What does the SH2 domain of Src bind to?
Phospho-tyrosine
What are the three general steps of the regulation of a Src-type protein kinase?
- Phosphate removal loosens structure.
- Activating ligand binds to SH3 domain.
- Kinase can now phosphorylate tyrosine to self-activate.
Where does N-linked glycosylation take place?
On certain asparagine residues. Only found on proteins that pass through the ER lumen (eg secreted and membrane proteins).
Myristoyl group
A 14 carbon, saturated fatty acid involved in lipidation
Palmitoyl group
A 16 carbon, saturated fatty acid involved in lipidation
Farnesyl
A prenyl group that also serves as a building block in cholesterol synthesis and is involved in lipidation
What anchors Ras to the plasma membrane?
Ras is an important oncogene that is anchored to the plasma membrane by prenyl groups.
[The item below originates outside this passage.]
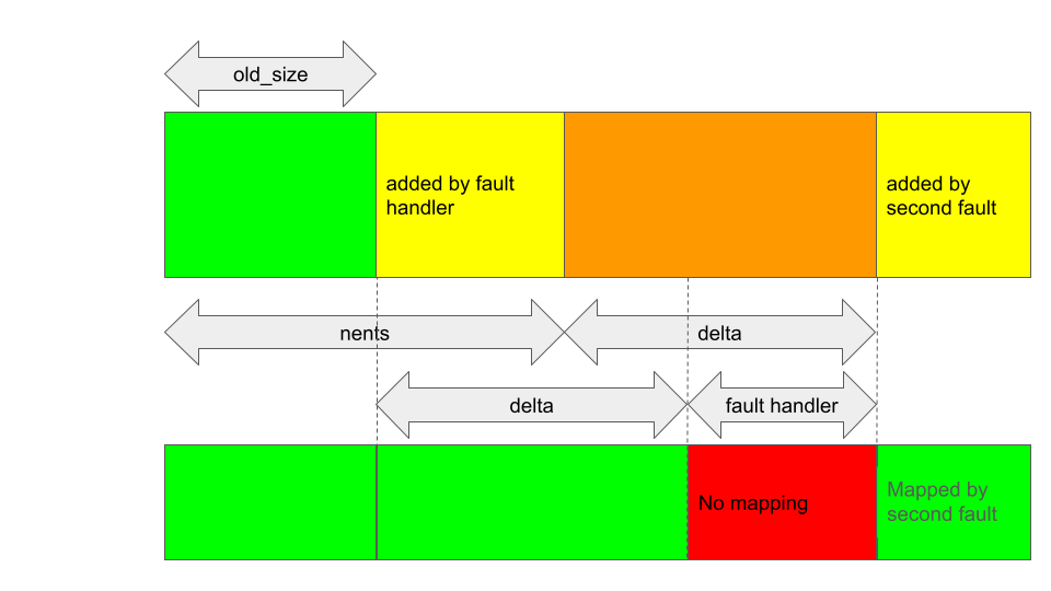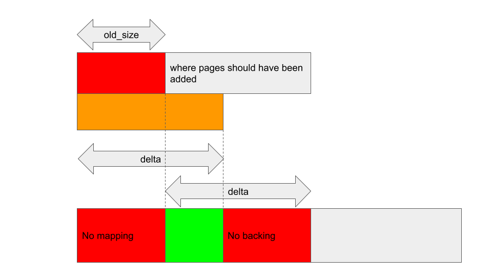 Note that as delta has to be non zero to trigger the bug, and as delta + old_size pages at the start of the region are mapped, it is still not possible to have the start of the region unmapped like in the case of GHSL-2023-005. So, my only option here is to shrink the region and have the resulting size lie somewhere inside the unmapped gap.

What does Src use for membrane association?
Src uses an N-terminal myrstoyl group for membrane association.
What proteolytically processes chymotrpsinogen?
Another protease called trypsin.
What activates protease activity?
Cleavage
How are acetylation and methylation related?
They are competing reactions.
Histones
Proteins that package DNA into chromatin. Genes must be turned on or turned off in the context of this packaged chromatin form.
How do histone modifications alter gene expression?
Histone modifications can produce epigenetic marks on chromatin that alter gene expression.
Epigenetics
The study of heritable changes in gene expression or cellular phenotype caused by mechanisms other than changes in the underlying DNA sequence. It refers to functionally relevant modifications to the genome that do not involve a change in the nucleotide sequence.
Result of monoubiquitylation
Histone regulation
Result of multiubiquitylation
Endocytosis
Result of polyubiquitylation
Proteasomal degradation (Lys48) and DNA repair (Lys63)
What degrades polyubiquinated proteins (Lys48)?
The proteasome, a large cytosolic protease.